To perform the various data transformations, you can use Apache Spark, a widely used cluster-computing software framework that is open source, fast, and general purpose. One of the most popular cloud-based solutions to process vast amounts of data is Amazon EMR.
You may be looking for a scalable, containerized platform to run your Apache Spark workloads. With the proliferation of Kubernetes, it’s common to migrate your workloads to the platform in order to orchestrate and manage your containerized applications and benefit from the scalability, portability, extensibility, and speed that Kubernetes promises to offer.
Amazon EMR on Amazon EKS and Amazon MWAA help you remove the cost of managing your own Airflow environments and use Amazon Elastic Kubernetes Service (Amazon EKS) to run your Spark workloads with EMR runtime for Apache Spark. This post talks about the architecture design of the environment and walks through a demo to showcase the benefits these new AWS services can offer.
In this post, we show you how to build a Spark data processing pipeline that uses Amazon MWAA as a primary workflow management service for scheduling the job. The compute layer is managed by the latest EMR on EKS deployment option, which allows you to configure and run Spark workloads on Amazon EKS.
In our demo, we use the New York Citi Bike dataset, which includes rider demographics and trip data, etc. The data pipeline is triggered on a schedule to analyze ridership as new data comes in. The results allow up-to-date insights into ridership with regards to demographic groups as well as station utilization. This kind of information helps the city improve Citi Bike to satisfy the needs of New Yorkers.
Architecture overview
The following diagram shows the high-level architecture of our solution. First, we copy data from the Citi Bike data source Amazon Simple Storage Service (Amazon S3) bucket into the S3 bucket in our AWS account. Then we submit a Spark job through EMR on EKS that creates the aggregations from the raw data. The solution allows us to submit Spark jobs to the Amazon EKS cluster with Amazon Elastic Compute Cloud (Amazon EC2) node groups as well as with AWS Fargate.
Orchestrate the big data workflow
With Airflow, data engineers define Directed Acyclic Graphs (DAGs). Airflow’s rich scheduling support allows you to trigger this DAG on a monthly basis according to the Citi Bike dataset update frequency.

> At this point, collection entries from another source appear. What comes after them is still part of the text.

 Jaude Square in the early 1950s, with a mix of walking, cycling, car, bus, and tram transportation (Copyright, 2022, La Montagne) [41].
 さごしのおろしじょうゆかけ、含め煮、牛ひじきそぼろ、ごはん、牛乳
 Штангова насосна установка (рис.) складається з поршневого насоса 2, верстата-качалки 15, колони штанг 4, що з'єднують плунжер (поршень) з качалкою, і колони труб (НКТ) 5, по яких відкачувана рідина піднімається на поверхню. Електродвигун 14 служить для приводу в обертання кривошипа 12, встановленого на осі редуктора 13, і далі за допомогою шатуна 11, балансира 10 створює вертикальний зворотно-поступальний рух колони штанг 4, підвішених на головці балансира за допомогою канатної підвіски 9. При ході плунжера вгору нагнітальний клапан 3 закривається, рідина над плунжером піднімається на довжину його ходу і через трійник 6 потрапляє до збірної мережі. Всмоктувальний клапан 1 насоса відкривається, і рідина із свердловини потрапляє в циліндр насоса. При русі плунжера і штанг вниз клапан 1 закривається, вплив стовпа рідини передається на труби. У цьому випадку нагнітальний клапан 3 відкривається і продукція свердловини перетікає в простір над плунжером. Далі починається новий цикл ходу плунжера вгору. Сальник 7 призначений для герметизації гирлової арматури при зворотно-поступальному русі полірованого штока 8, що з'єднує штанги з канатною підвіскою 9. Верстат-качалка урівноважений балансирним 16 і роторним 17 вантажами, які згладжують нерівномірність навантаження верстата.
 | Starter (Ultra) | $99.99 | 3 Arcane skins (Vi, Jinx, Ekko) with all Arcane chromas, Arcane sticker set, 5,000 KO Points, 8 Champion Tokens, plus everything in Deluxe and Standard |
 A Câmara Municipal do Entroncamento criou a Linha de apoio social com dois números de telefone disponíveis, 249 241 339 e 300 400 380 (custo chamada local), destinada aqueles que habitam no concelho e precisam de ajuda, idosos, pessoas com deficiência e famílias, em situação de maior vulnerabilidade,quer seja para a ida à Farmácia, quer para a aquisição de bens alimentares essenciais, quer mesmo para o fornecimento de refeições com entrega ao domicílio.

This DAG includes the following tasks:
- PythonOperator downloads an updated Citi Bike dataset from a public repository and uploads it to an S3 bucket.
- The
EmrContainersStartJobRun
operator submits a Spark job to an Amazon EKS cluster through the new Amazon EMR containers API. The Spark job converts the raw CSV files into Parquet format and performs analytics with SparkSQL. EmrContainersJobRunSensor
monitors the Spark job for completion.
For more information about operators, see Amazon EMR Operators.
Submit the Apache Spark job
AWS has recently launched an Airflow plugin for EMR on EKS that you can use with Amazon MWAA by adding it to the custom plugin location or with a self-managed Airflow. The plugin includes an operator and a sensor that interact with the new Amazon EMR containers API, which was introduced as part of the new EMR on EKS deployment option.

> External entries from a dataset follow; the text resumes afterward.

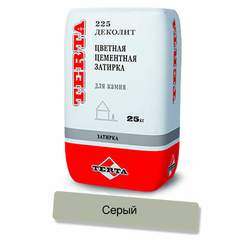 Затирка цементная Terta Деколит 2250 серый 25кг для затирки швов при облицовке фасадов из натурального или искусственного камня. Внимание! Содержит цемент. При работе со смесью использовать резиновые перчатки и защитные очки. Избегать длительного контакта растворной смеси с кожей и глазами. При попадании в глаза промыть большим количеством воды. Хранить в недоступном от детей месте.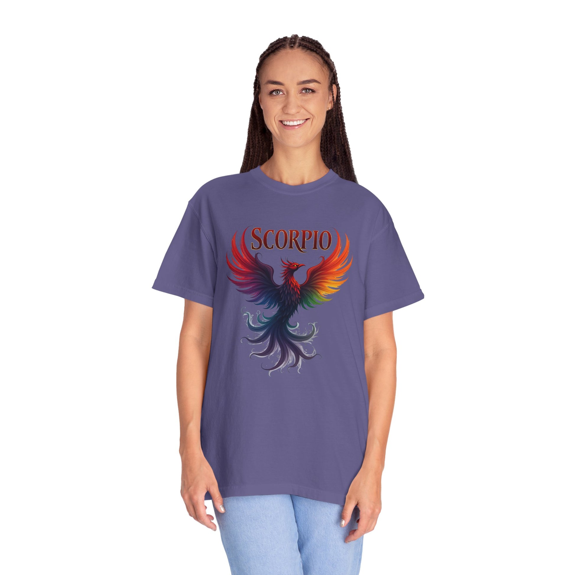 Like the phoenix rising from its own ashes, Scorpio doesn’t just evolve — it transcends. 🔥🕊 The "Scorpio Phoenix" tee captures the soul of transformation with a stunning, full-spectrum phoenix in radiant rainbow wings. Bold reds and fiery oranges burst into mystical purples and shadowy indigos, symbolizing rebirth, power, and personal alchemy — all core Scorpio themes. This is the Scorpio t-shirt for those who don’t fear endings, because they know what follows: something more beautiful, more powerful, and 100% them. Perfect for Scorpios who own their shadow and wear their evolution like art.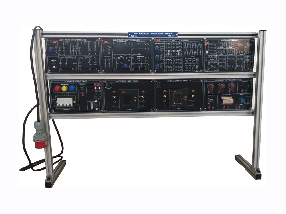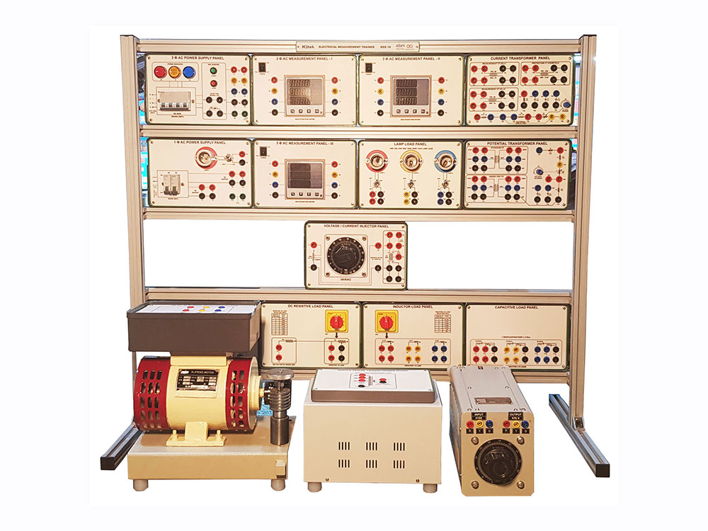 Supplied with but not limited to 3 Phase AC Power Supply, 3 Phase AC Measurement, 1 Phase AC Supply Panel, AC Voltmeter Panel, AC Ammeter Panel, Milliohm (V-I method), Lamp Load, Single Phase Transformer, Three Phase Transformer, AC/DC Resistive Load etc.
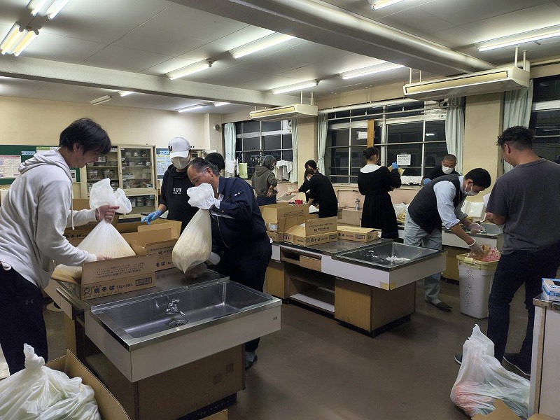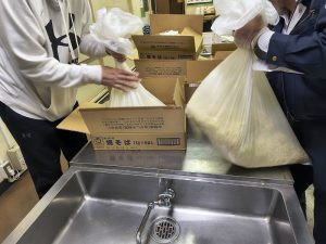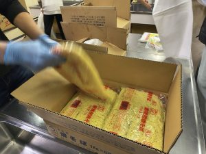 おやじの会総出でめんをほぐしています。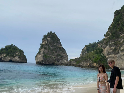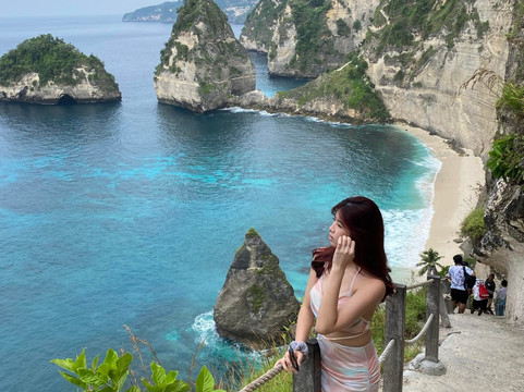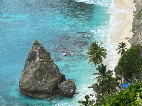 点评:Diamond Beach on Penida Island, Bali, is a stunning, untouched white-sand beach with silky blue waters, surrounded by limestone cliffs and palm trees. It's located on the eastern tip of Nusa Penida and has become a popular destination due to its breathtaking views and unique landscape ¹.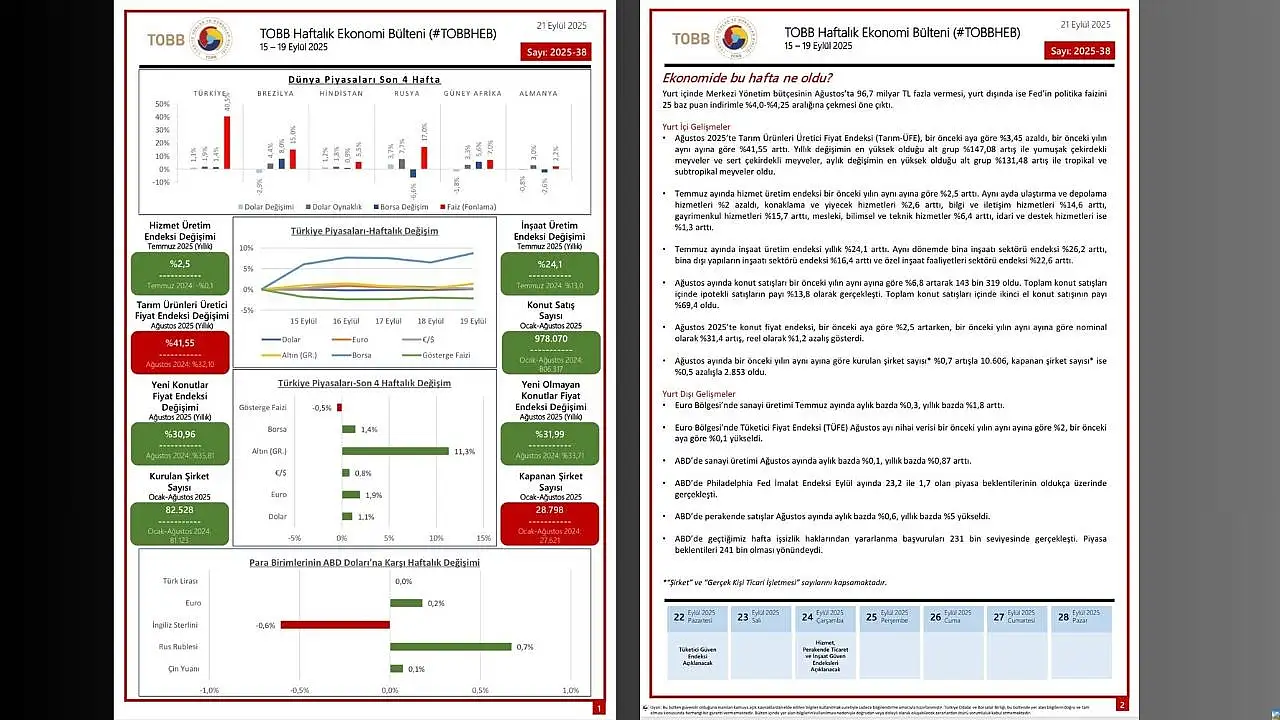 TOBB’un 15-19 Eylül 2025 tarihli Haftalık Ekonomi Bülteni, ekonomide çarpıcı bir uçurumu rakamlarla ortaya koydu. Ağustos ayında Tarım ÜFE yıllık bazda yüzde 41,55 arttı. Özellikle yumuşak çekirdekli meyvelerde fiyatlar fırlarken, tropikal meyvelerdeki artış yüzde 131’i buldu.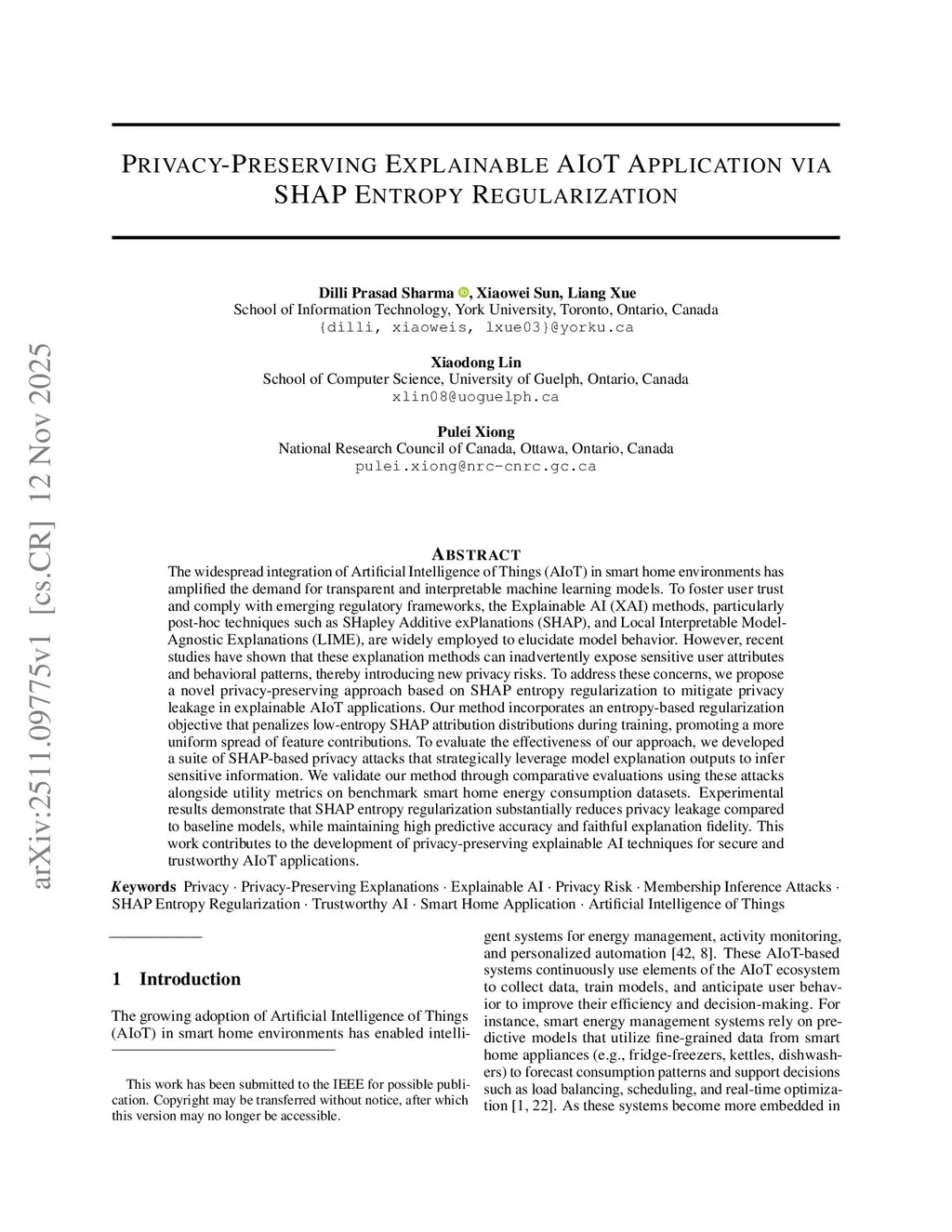Privacy-Preserving Explainable AIoT Application via SHAP Entropy Regularization

The Amazon EKS namespace is registered with an Amazon EMR virtual cluster. To submit a Spark job to the virtual cluster, the Airflow plugin uses the start-job-run command offered by the Amazon EMR containers API.

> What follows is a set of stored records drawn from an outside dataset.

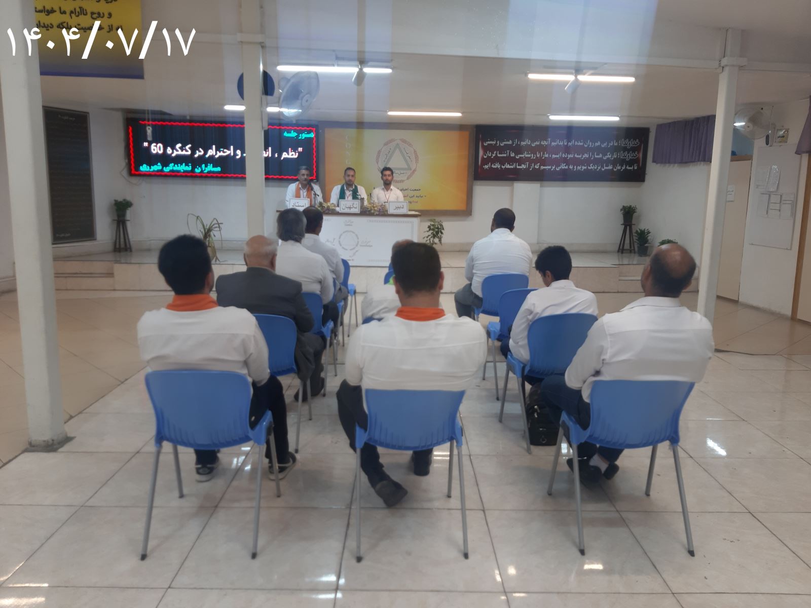 سومین جلسه از دورهی سوم سری کارگاه های خصوصی کنگره۶۰ ویژه همسفران آقا نمایندگی شهرری به استادی راهنمای محترم مسافر حسن، نگهبانی راهنمای محترم همسفر حسین و دبیری همسفر علی با دستور جلسهی"نظم،انضباط و احترام در کنگره۶۰" پنجشنبه مورخ ۱۷ مهرماه ۱۴۰۴ ساعت ۱۴ آغاز به کار نمود.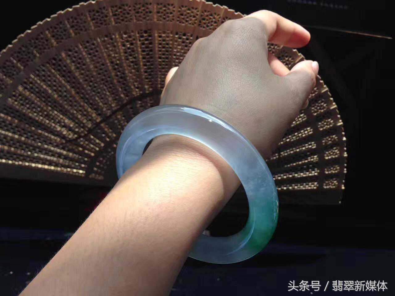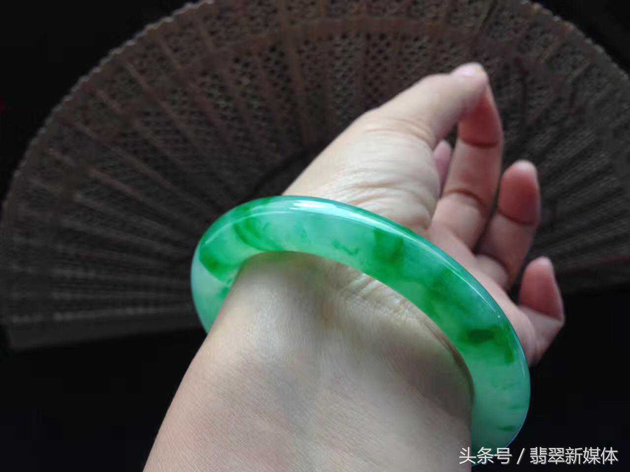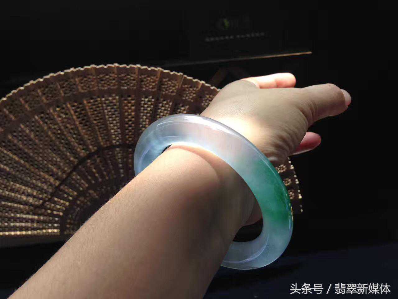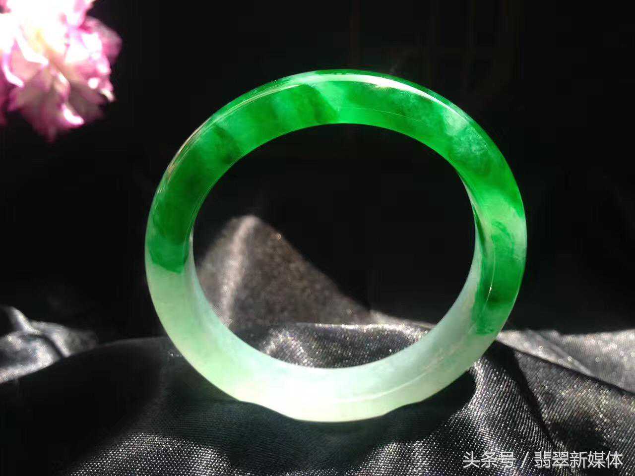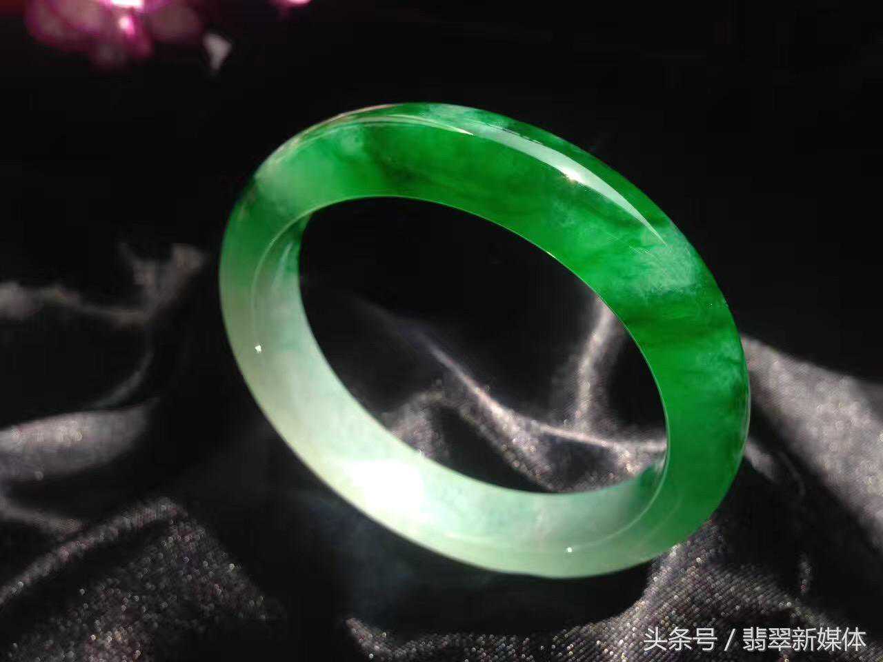 由上可知,百万级以上的翡翠手镯,种质细腻,大多是冰底或玻璃底,带上满圈或者一部分绿色几乎是标配,且色泽必须鲜亮。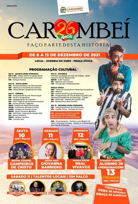 A administração municipal de Carambeí está reaproximando ainda mais a comunidade das iniciativas realizadas pelo governo municipal. E, para comemorar os 26 anos do município, a Prefeitura promove entre os dias 8 e 13 de dezembro um evento com apresentações culturais, missa solene, almoço, entre outras ações.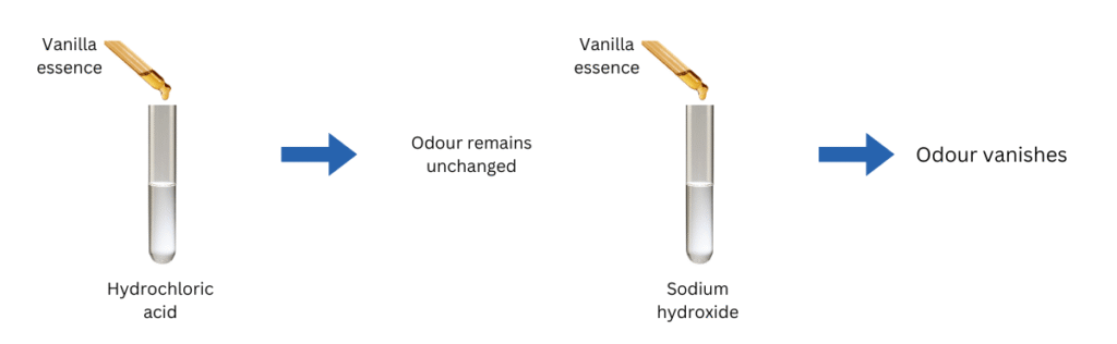 - Take some dilute HCl solution in one test tube and dilute NaOH solution in another. Add a few drops of dilute vanilla essence to both test tubes and shake well. Check the odour once again and record changes in odour, if any.

For each job submitted to a virtual cluster, Amazon EMR creates a container with everything that is required and submits a Spark application to an Amazon EKS cluster through Spark on Kubernetes support.
The EmrContainersStartJobRun
Airflow operator exposes the arguments of the start-job-run
command and can override the default Spark properties such as driver memory or number of cores. You can configure these properties in the DAG by specifying the sparkSubmitParameters
in the jobDriver
or the configuration-overrides
argument.
Choose Amazon EKS data plane options
The Amazon EKS data plane supports EC2 node groups as well as Fargate (for more information, see Amazon EKS on AWS Fargate Now Generally Available). In our demo, the Amazon EKS cluster contains an EC2 node group, a Fargate profile, and two Kubernetes namespaces. One of the namespaces is declared in the Fargate profile pod selector and the pods deployed into this namespace are launched on Fargate. The pods deployed into the other namespace are launched on the EC2 node group. We register each Amazon EKS namespace with a virtual cluster.
When you choose a data plane option, you should consider the following:
- Compute provisioning
- Storage provisioning
- Job initialization time
Compute provisioning
With EC2 node groups, you can share EC2 resources like vCPUs and memory between different Spark jobs or with other workloads within the same Amazon EKS cluster.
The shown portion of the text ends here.